What you need to do -> An exact copy of all the data, minus the images, is required.

Recorded information ->
━━━━━━━━

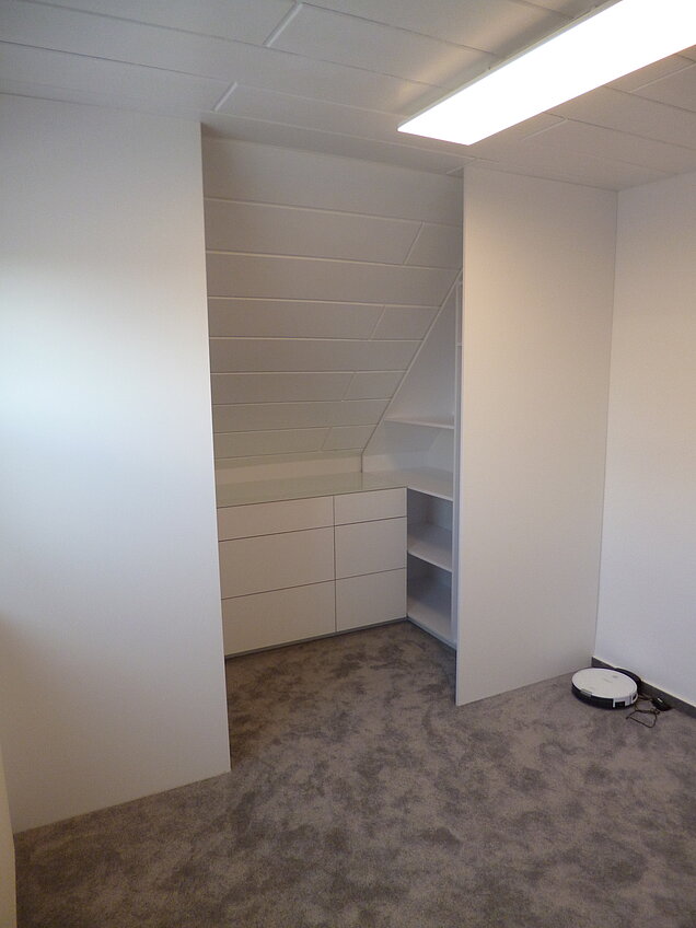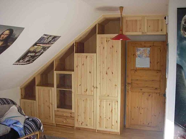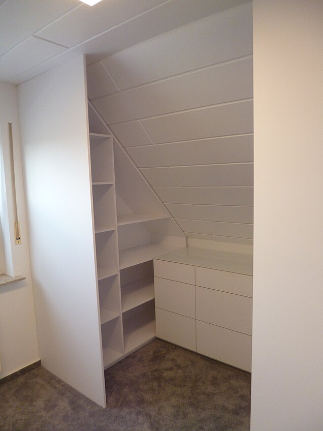 Passgenaue Einbauten in Wandnischen und Dachschrägen erfordern ein genaues Aufmaß und höchste Präzision bei der Ausführung.
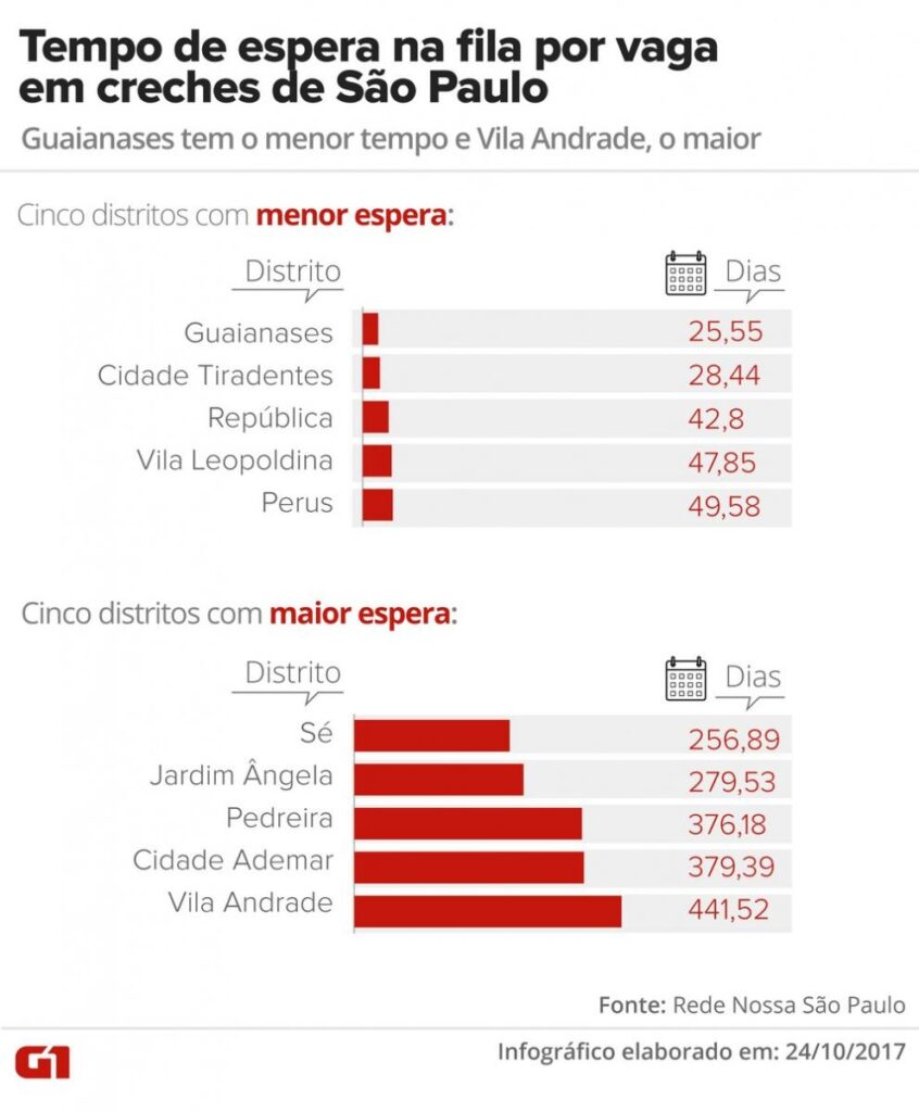 Uma criança que está na fila da vaga em creches no distrito de Guaianases, extremo da Zona Leste de São Paulo, espera, em média, 25,5 dias, enquanto as crianças com até 3 anos de idade que residem na Vila Andrade, região do Morumbi, na Zona Sul, aguardam 441,52 dias. A diferença entre a pior e a melhor é de 17,28 vezes.
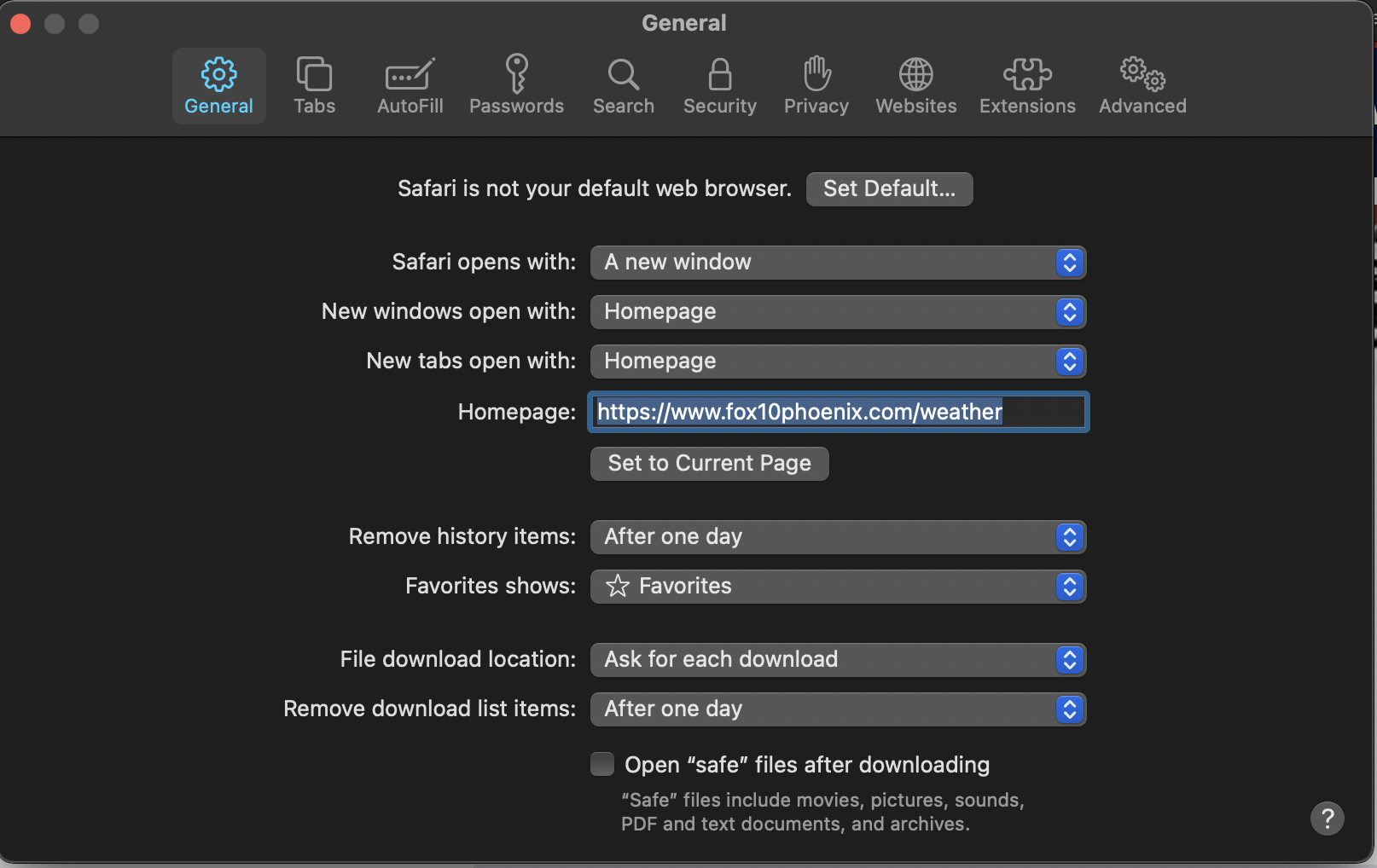 How do I stop Safari from using its start page. I want to go to my homepage when I open Safari, not its start page.
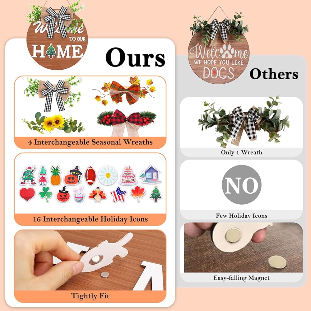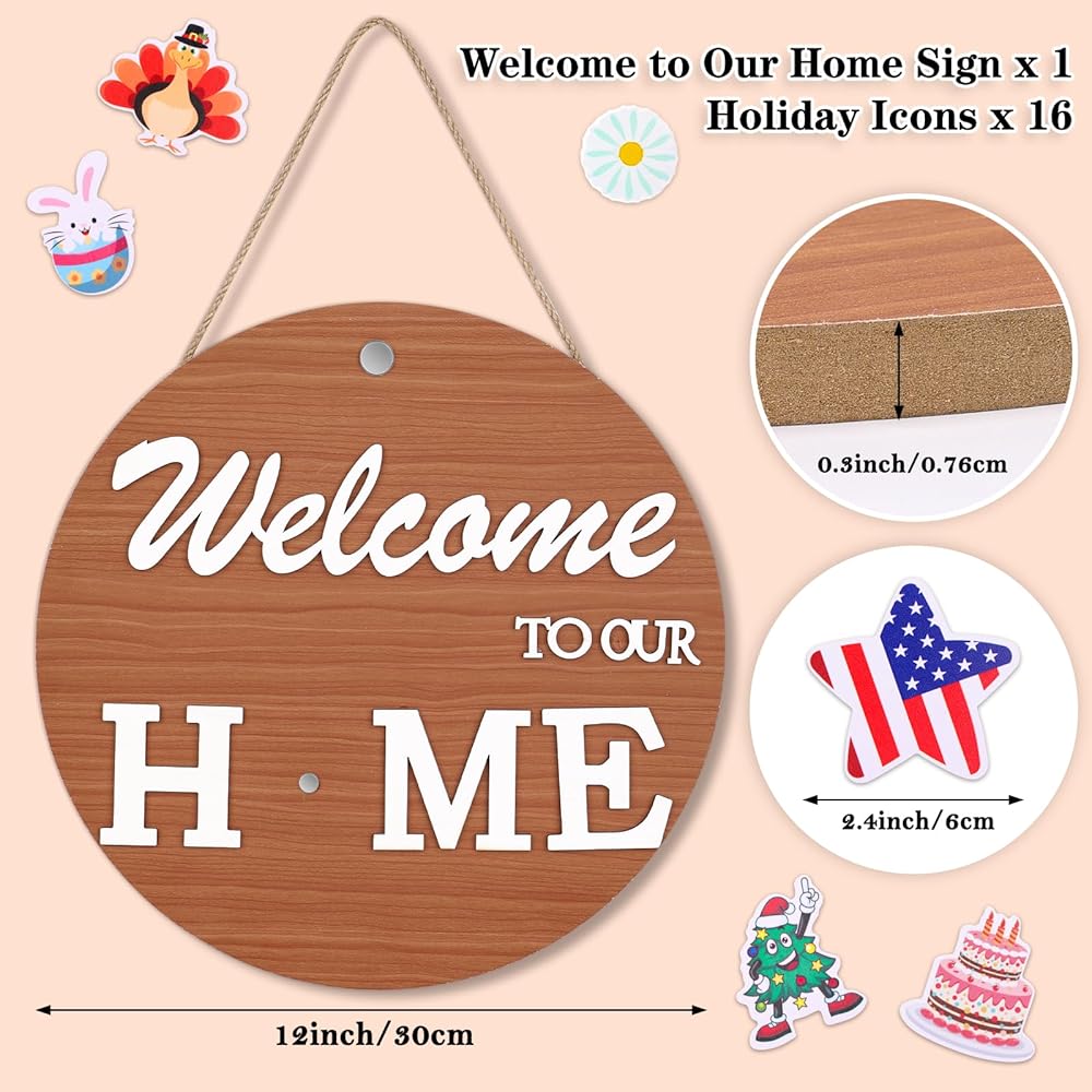 • Seasonal front door welcome sign: The seasonal welcome wreath for front door decoration with all seasonal styles wreaths and 17 holiday icons such as star flag, heart, chick, maple leaf, cake, football, pumpkin, sun and Xmas tree, you can create a different atmosphere by changing them.

━━━━━━━━

Result ->
 Passgenaue Einbauten in Wandnischen und Dachschrägen erfordern ein genaues Aufmaß und höchste Präzision bei der Ausführung.
 Uma criança que está na fila da vaga em creches no distrito de Guaianases, extremo da Zona Leste de São Paulo, espera, em média, 25,5 dias, enquanto as crianças com até 3 anos de idade que residem na Vila Andrade, região do Morumbi, na Zona Sul, aguardam 441,52 dias. A diferença entre a pior e a melhor é de 17,28 vezes.
 How do I stop Safari from using its start page. I want to go to my homepage when I open Safari, not its start page.
 • Seasonal front door welcome sign: The seasonal welcome wreath for front door decoration with all seasonal styles wreaths and 17 holiday icons such as star flag, heart, chick, maple leaf, cake, football, pumpkin, sun and Xmas tree, you can create a different atmosphere by changing them.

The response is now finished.